Builders to EPA, Corps: 'New' Tulloch Rule will prove just as illegal as old Tulloch Rule

The latest attempt by the EPA and the U.S. Army Corps of Engineers to regulate wetlands removal activities through a new definition of dredged materials under the Tulloch Rule will only result in one more illegal regulation, the National Association of Home Builders said today.

WASHINGTON, Jan. 11 /PRNewswire/ -- The latest attempt by the U.S. Environmental Protection Agency (EPA) and the U.S. Army Corps of Engineers (the Corps) to regulate wetlands removal activities through a new definition of dredged materials under the Tulloch Rule will only result in one more illegal regulation, the National Association of Home Builders (NAHB) predicted today.

``We find it ironic that on January 9th, the same day the Supreme Court ruled against the Corps regulation's of isolated wetlands under the Clean Water Act, the EPA and the Corps are ignoring the law once again and are well on there way to creating another illegal regulation with their latest version of the Tulloch Rule,'' NAHB President Robert L. Mitchell, a home builder from Rockville, Md., said. ``The agencies are simply putting a new label on an old, illegal regulation.''

A previous version of the Tulloch Rule wetlands regulation had been struck down in three federal court decisions and NAHB is strongly considering legal action in light the agencies' latest Tulloch reincarnation.

The Tulloch Rule came about as a result of questions regarding the kinds of activities that can and cannot be regulated under the Clean Water Act (CWA). Under the CWA's 404 Program, the Corps, as well as the EPA, regulates the ``discharge'' of dredged and fill material into wetlands. A discharge is a specific activity that involves the addition of material into a wetland. Since its inception, the Clean Water Act has not regulated removal activities and for decades the Corps, EPA and other agencies followed the law.

In 1993, however, the Corps came out with the Tulloch Rule, regulating certain land removal activities in wetlands, even if those activities only resulted in small amounts of dirt and materials falling off a shovel or backhoe and ending up back in the wetland. According to the Corps, the dirt that fell off a shovel and back into a wetland during removal activities was considered ``incidental fallback'' -- an addition to the wetland -- and the removal activity could be regulated as if it were a discharge activity that added materials to a wetland.

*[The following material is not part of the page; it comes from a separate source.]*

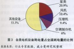 电机作为各种工业设备的主要部件,其下游产业主要是风机、泵类、压缩机、空调制冷机、机床、起重运输机械、建筑机械、食品机械、农业机械、冶金机械、化工机械、轻工机械、林业机械、印刷设备、造纸设备、纺织印染设备、灌装设备、传送设备、包装设备等各种工业机械设备的生产企业。其中风机、泵类、压缩机和空调制冷机对电机产品的需求量最大,其耗电量分别占全国总耗电量的10.4%、20.9%、9.4%和6%(图3)。
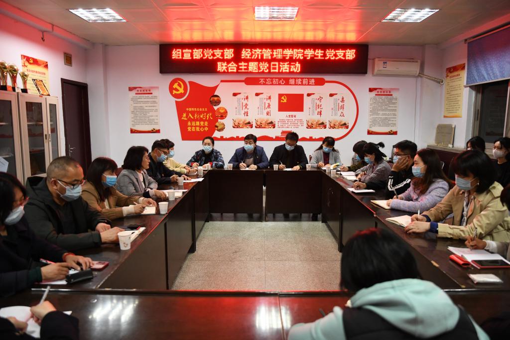 4月4日晚,组宣部党支部和经济管理学院学生党支部开展联合主题党日活动。学院党委委员、组宣部党支部书记侯玲玲,经济管理学院党总支副书记、院长齐天峰,组宣部全体党员,经管学院三个学生党支部的全体支委和学生入党积极分子代表参加了主题党日活动。

As a result of this expansive interpretation of ``discharge,'' more of the activities builders, land developers and other land owners undertake would require a permit under the CWA.

In 1993, NAHB, the National Mining Association, the American Road and Transportation Builders Association, the National Aggregates Association, and the American Forest and Paper Association sued the Corps of Engineers over the rule. The groups contended that the Tulloch rule violated the Congressional intent of the Clean Water Act and unlawfully exceeded the agencies' authority. The chief issue was whether the ``incidental fallback'' that accompanies land clearing and excavation activities was a ``discharge of dredged material.''

In 1997 the District Court of the District of Columbia ruled that Congress did not intend to cover incidental fallback under S404 of the CWA. In its decision, the court noted that the 404 Program refers to discharge activities that add materials to wetlands, not activities that remove soils from wetlands. That decision has been affirmed two additional times, most recently in a 1998 unanimous decision by the U.S. Court of Appeals for the District of Columbia. In late December of 1998, the Corps admitted defeat by not seeking a Supreme Court review of the lower court decisions on the Tulloch Rule.

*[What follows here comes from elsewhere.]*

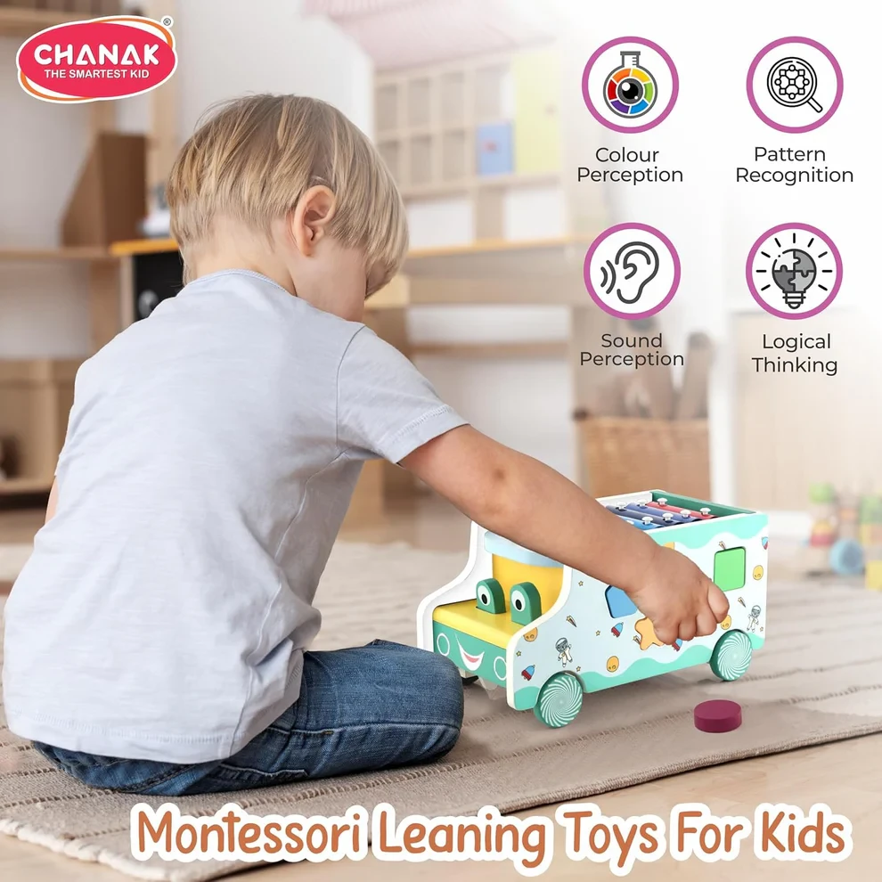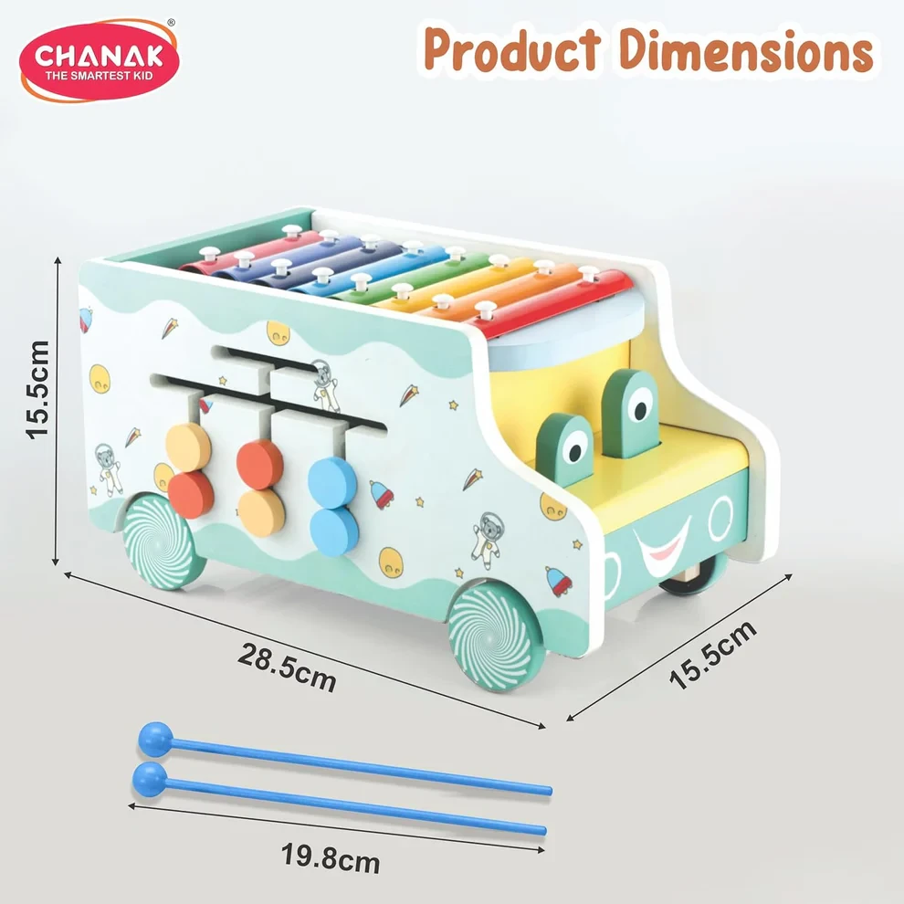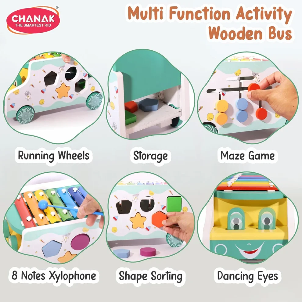 Chanak Wooden Activity Bus 6-in-1 Montessori Toys Truck Multifunctional Early Educational Musical Miles Includes Shape Sorter, Xylophone, Maze, Storage, Dancing Eyes Bus For Boys Girls, Above 3+ Age

In August of 2000, through a public comment period, the EPA and the Corps sought ``clarification'' of the types of activities that are likely to result in a discharge or addition of dredged materials and would therefore require a Section 404 permit. Yesterday's announcement amounts to a final rule for the August, 2000 clarification, and brings Tulloch back to life, for now.

The agencies' new Tulloch rule, announced on January 9, 2001, will require more people to get permits, adding delays and project costs to a federal wetlands program that was supposed to provide efficient regulation as originally outlined by Congress.

``The legal lesson the Supreme Court provided on January 9th on isolated wetlands apply to Tulloch as well: agencies that go beyond what Congress intended under the CWA are destined to create illegal, invalid regulations,'' Mitchell said.

About NAHB: The National Association of Home Builders is a Washington- based trade association representing more than 203,000 member firms and professionals involved in home building, remodeling, multifamily construction, property management, subcontracting, design, housing finance, building product manufacturing and other aspects of residential and light commercial construction. Known as the ``voice of the housing industry,'' NAHB is affiliated with more than 800 state and local home builders associations around the country. NAHB's builder members will construct about 80 percent of the more than 1.5 million new housing units projected for 2000. During a typical year, residential construction accounts for about five cents of every dollar spent in the U.S. economy, making home building one of the largest and most influential industries in the country.